Гугас загнал нас всех в трюм и закрыл люк. Он один остался с капитаном на палубе. Мы, измученные, пожелтевшие от приступов морской болезни, промокшие насквозь от соленых брызг, валялись на грязном дне трюма и при каждом резком толчке судорожно хватались руками за что попало — за доски, за канаты и цепи, — как будто бы это могло спасти нас. Изредка кто-нибудь раскрывал опухшие веки и, приподняв голову, прислушивался к раскатам грома, к реву ветра и со стоном опять опускался на мокрые доски. Мы потеряли счет времени, не знали, день ли, ночь ли, и, покорясь своей судьбе, старались ни о чем не думать.

Я до сих пор считаю, что на свете нет ничего хуже и страшнее морской болезни. Я много видел на своем веку, не раз смотрел смерти в глаза, бывал под ураганным артиллерийским и пулеметным огнем, но такое, как тогда, на дне баркаса, никогда не испытывал. Не думайте, что только я один так тяжело переносил проклятую качку. Нет, с нами был один старик, бесстрашный охотник Мазманян, так тот просто умолял нас выбросить его за борт. «Лучше сдохнуть сразу, чем терпеть такое», — бормотал он. Поверите, до сих пор при одном упоминании о шторме меня в жар бросает, даже по Севану на катере ехать боюсь.

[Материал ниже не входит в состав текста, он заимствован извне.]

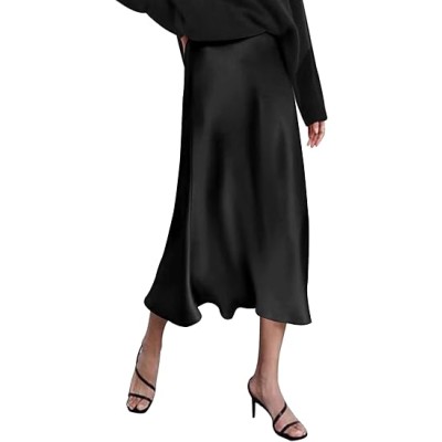 High Waisted Solid Satin Dress Zipper Elegant Work Skirts
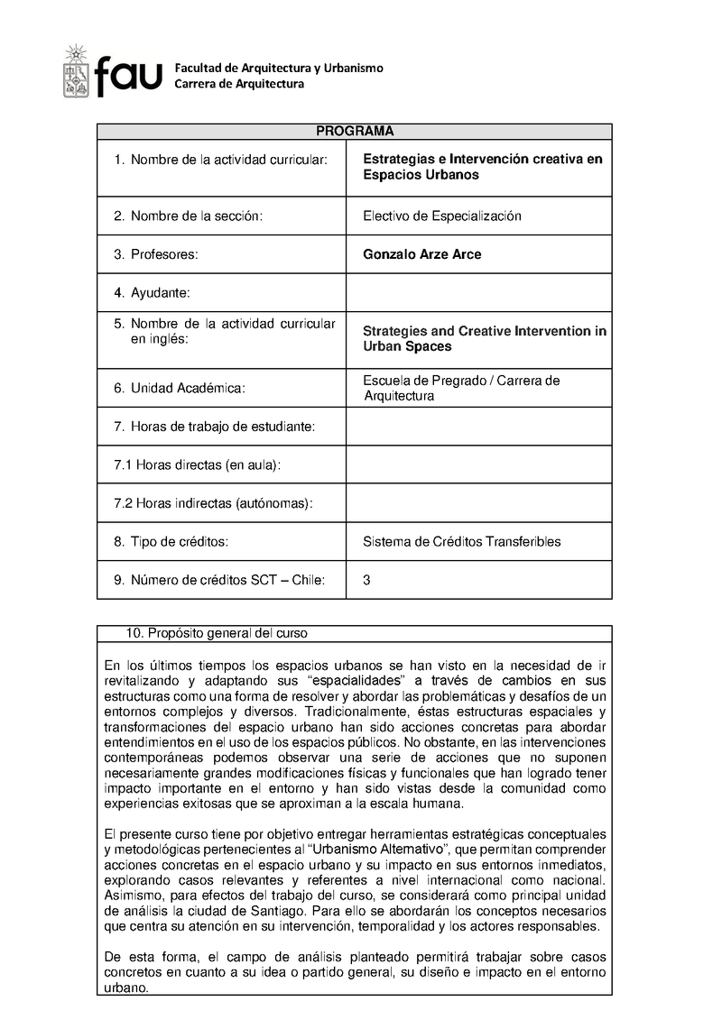 Electivo de especialización: Estrategias e Intervención creativa en Espacios Urbanos
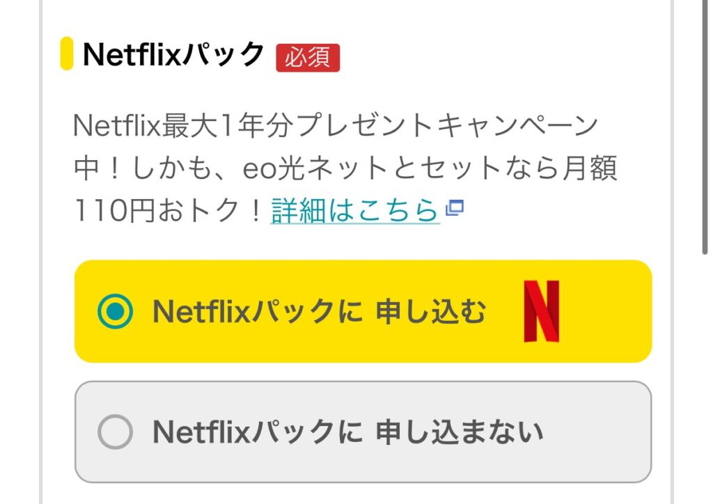 eo光申込時に「Netflixパックに申し込む」にチェックを入れることで特典の対象となります。
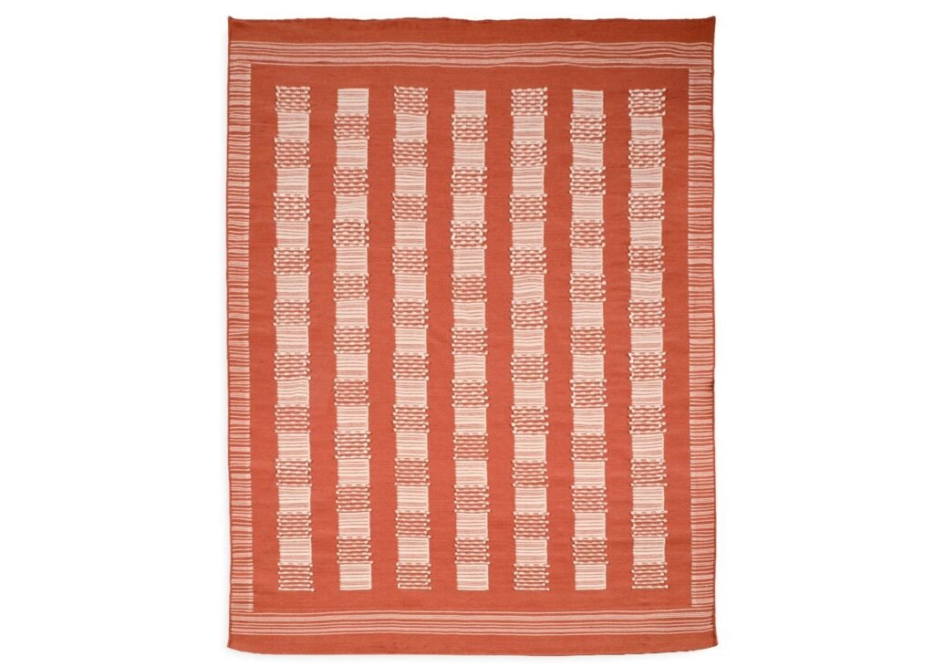 Replicating the look of worn, antique rugs, the Canevas produces its classical floral design from a grid of woven fibres. By enlarging the classic cross stitch technique, this rug creates a pixelated pattern from perforated soft felt interwoven with brightly coloured thread.
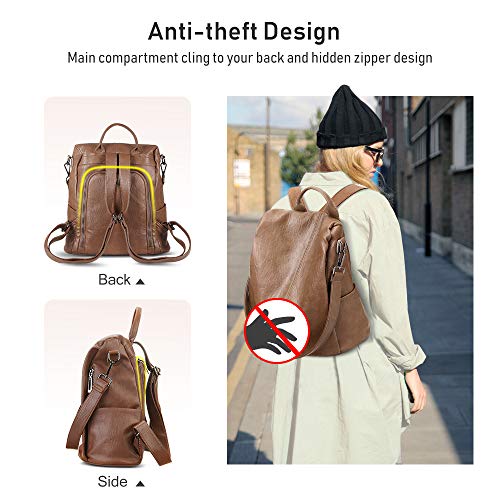 AtailorBird Zaino da Donna Antifurto Borse a Spalla Casual Zainetto Impermeabile Zaino in Pelle PU Grande Capacità Zaino da Scuola Zaino da Viaggio - Marrone

На седьмые сутки люк открылся и раздался голос Гугаса. «Эй, друзья, хватит вам отлеживаться там! Выходите на палубу!» — закричал он. В эту минуту мы были убеждены, что со дня сотворения мира человеческие уста не произносили лучших слов.

С опаской поднялись наверх, и перед нашими глазами открылась картина ни с чем не сравнимой красоты. Море, словно устав после стольких дней буйства, утихло и сейчас мирно дремало, блестя под лучами восходящего солнца. Тучи куда-то исчезли, и голубое небо ласково улыбалось нам. Воздух прозрачный, легкий, сколько ни дыши — не надышишься. В ту минуту от радости мы готовы были пуститься в пляс, как дети, однако силы наши окончательно иссякли, и, опьянев от чистого воздуха, мы повалились на палубе как подкошенные.

Старик Мазманян, придя в себя, дотронулся до моего плеча и говорит: «Гляди, Завен, каких только бед не натворила проклятая буря». Я оглянулся и вижу — палуба опустела, ни парусов, ни мачты, ни капитанской будки, ничего. Волны начисто смыли все, бесследно исчез и турок-капитан.